* RAW DATA
....................
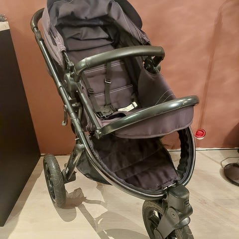Britax barnevogn med avtagbar liggedel og justerbar sitteposisjon. Sort farge med polstret sete og sikkerhetssele. Fire hjul med støtdemping og oppbevaringskurv under. Passer for barn fra nyfødt til småbarnsalder. 5 punkt sele funksjon
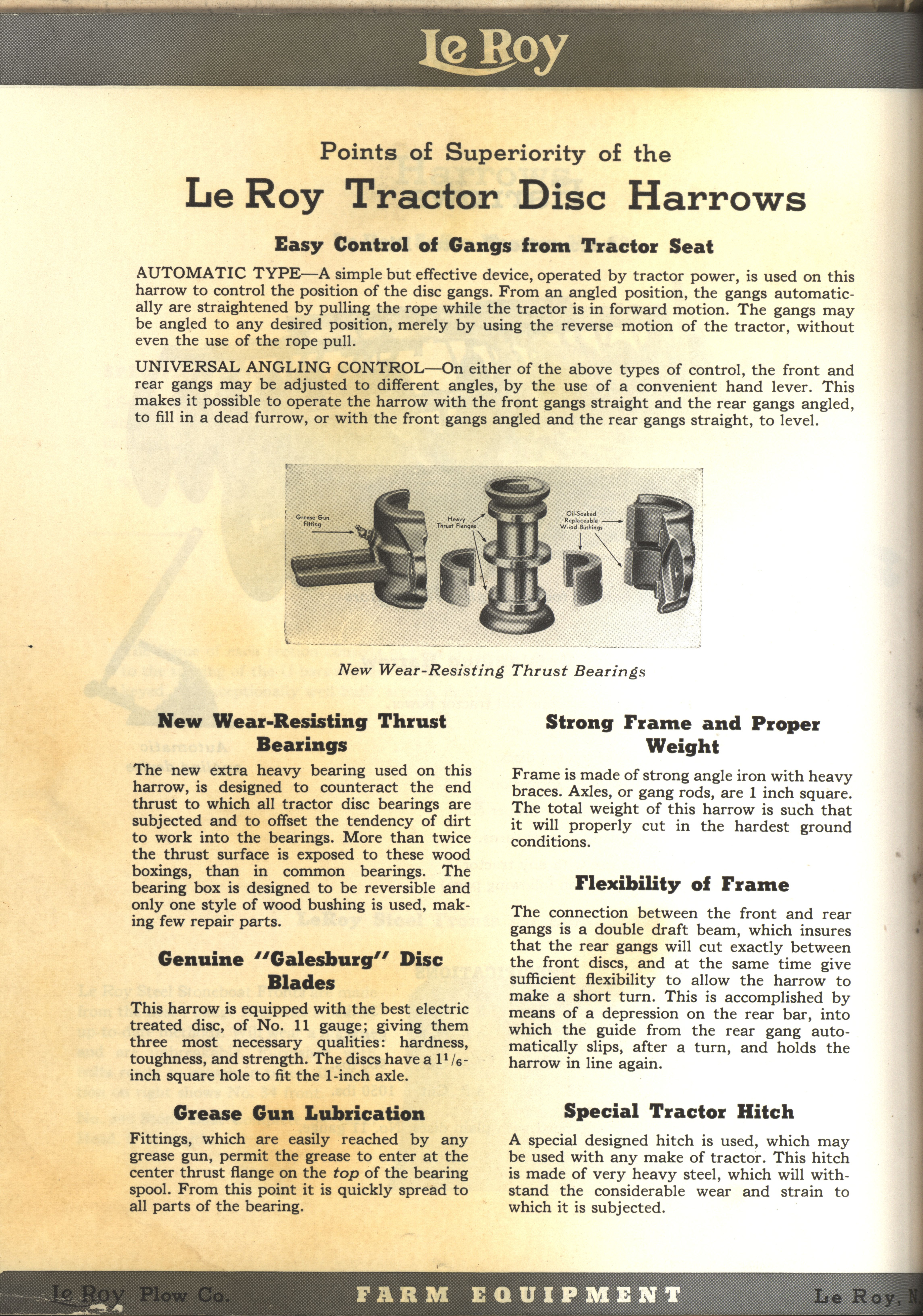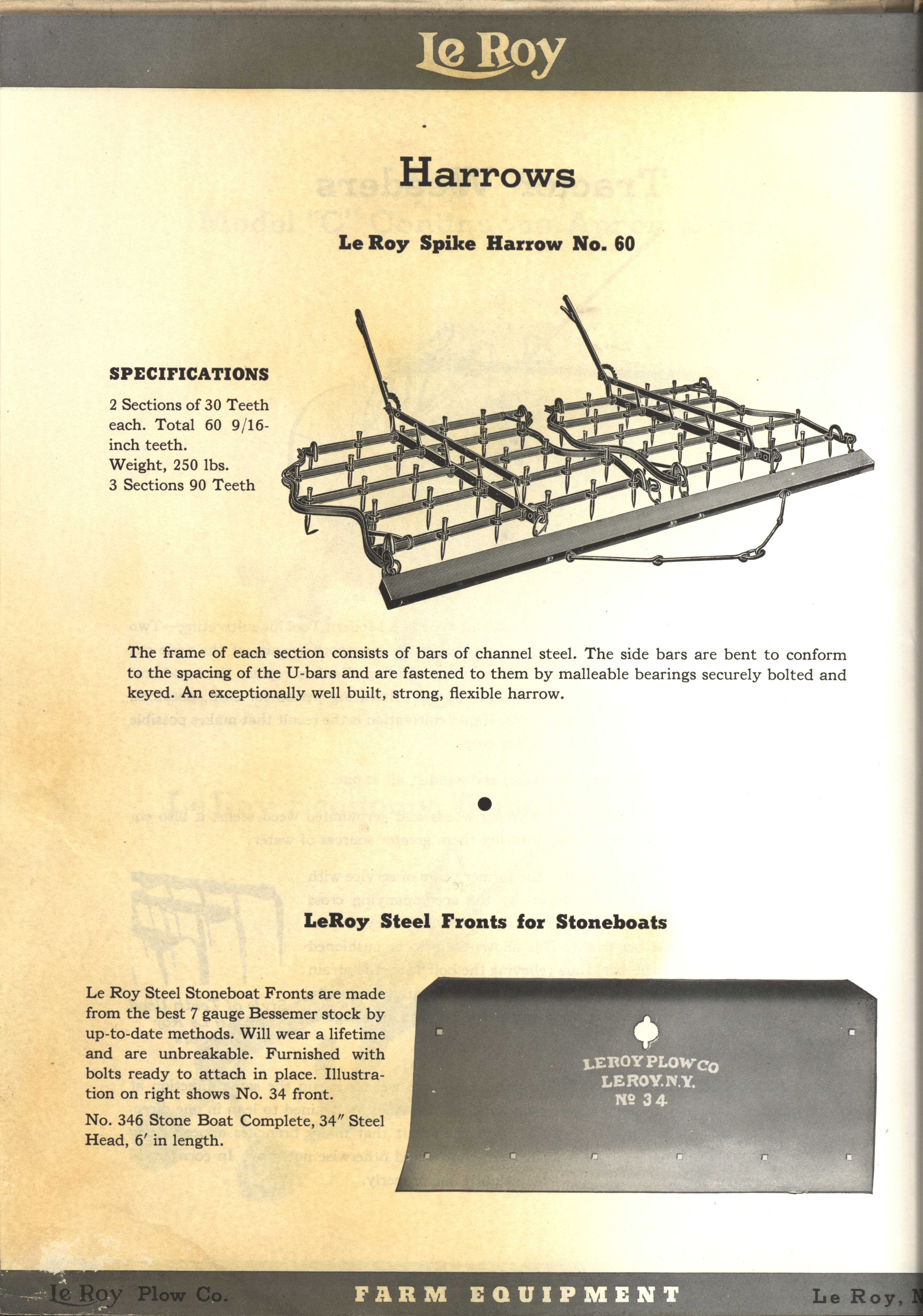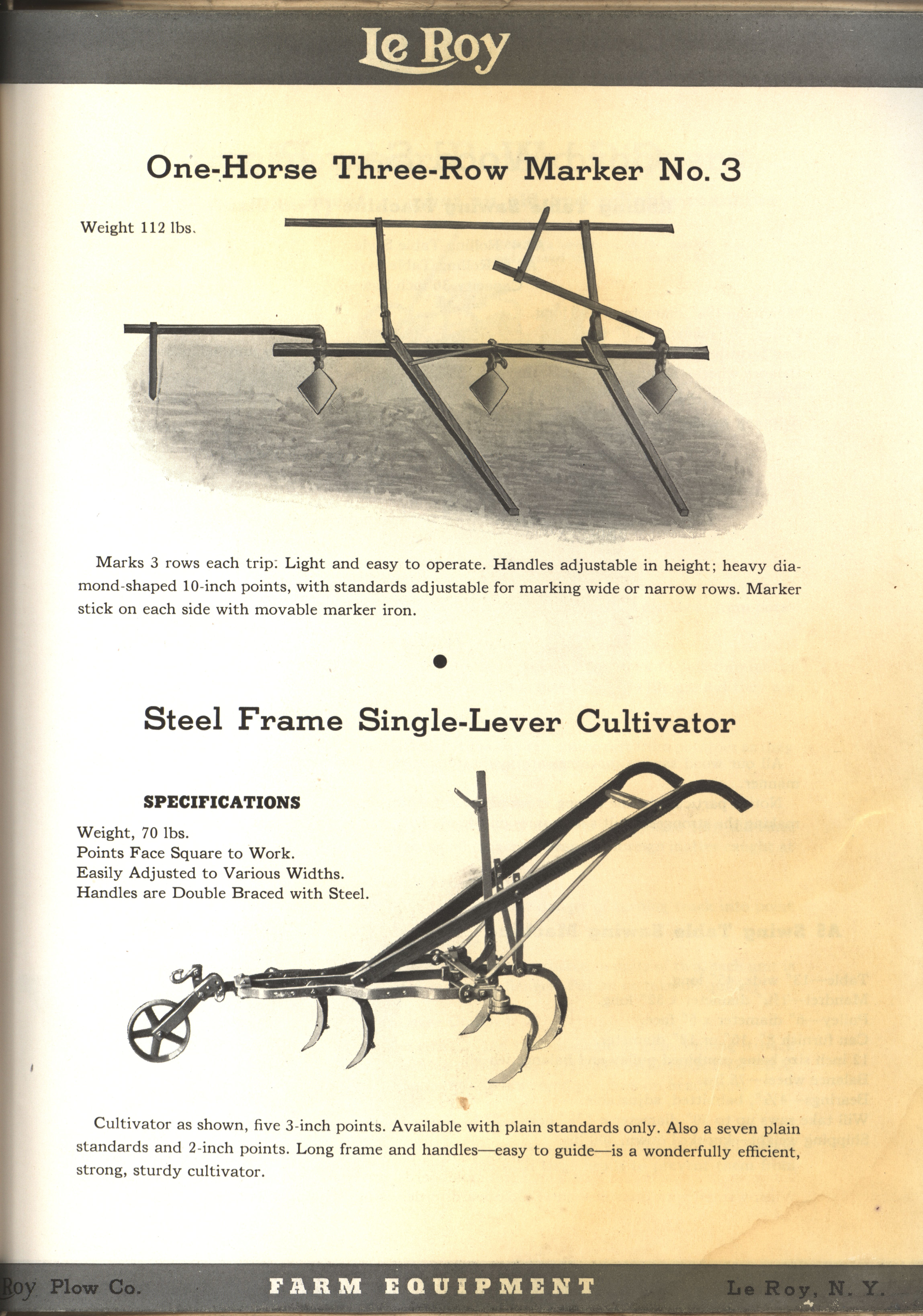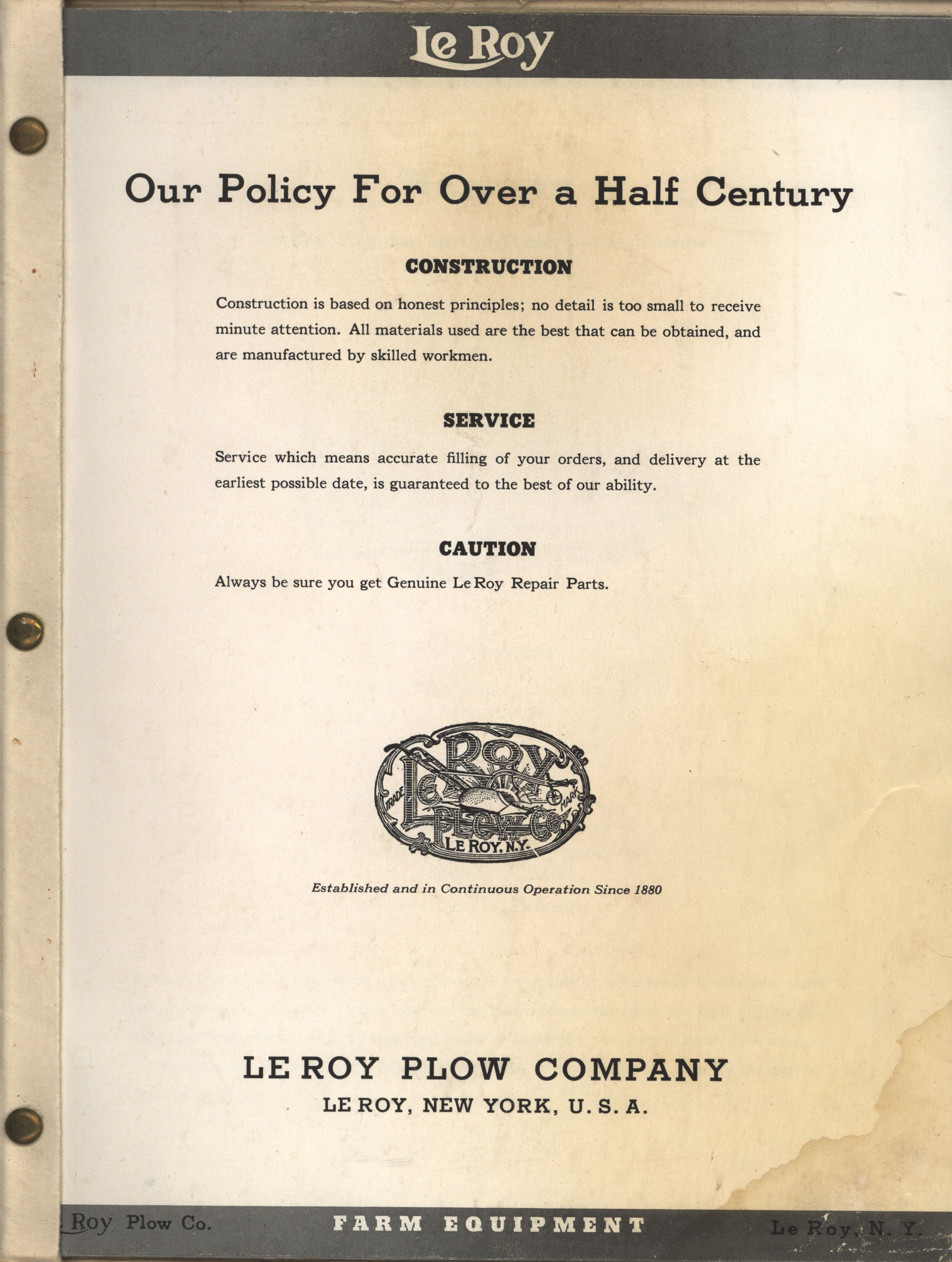 - Catalog describing the farm equipment offered by Le Roy Plow Company.
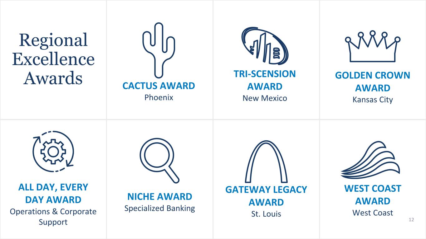 GOLDEN CROWN AWARD Kansas City Regional Excellence Awards 12 CACTUS AWARD Phoenix GATEWAY LEGACY AWARD St. Louis NICHE AWARD Specialized Banking TRI-SCENSION AWARD New Mexico ALL DAY, EVERY DAY AWARD Operations & Corporate Support WEST COAST AWARD West Coast
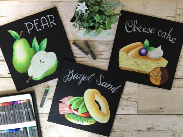 オイルパステルで黒板に書くチョークアート体験。
....................
Give an exact copy of the listing above that leaves out every picture.

Britax barnevogn med avtagbar liggedel og justerbar sitteposisjon. Sort farge med polstret sete og sikkerhetssele. Fire hjul med støtdemping og oppbevaringskurv under. Passer for barn fra nyfødt til småbarnsalder. 5 punkt sele funksjon
 - Catalog describing the farm equipment offered by Le Roy Plow Company.
 GOLDEN CROWN AWARD Kansas City Regional Excellence Awards 12 CACTUS AWARD Phoenix GATEWAY LEGACY AWARD St. Louis NICHE AWARD Specialized Banking TRI-SCENSION AWARD New Mexico ALL DAY, EVERY DAY AWARD Operations & Corporate Support WEST COAST AWARD West Coast
 オイルパステルで黒板に書くチョークアート体験。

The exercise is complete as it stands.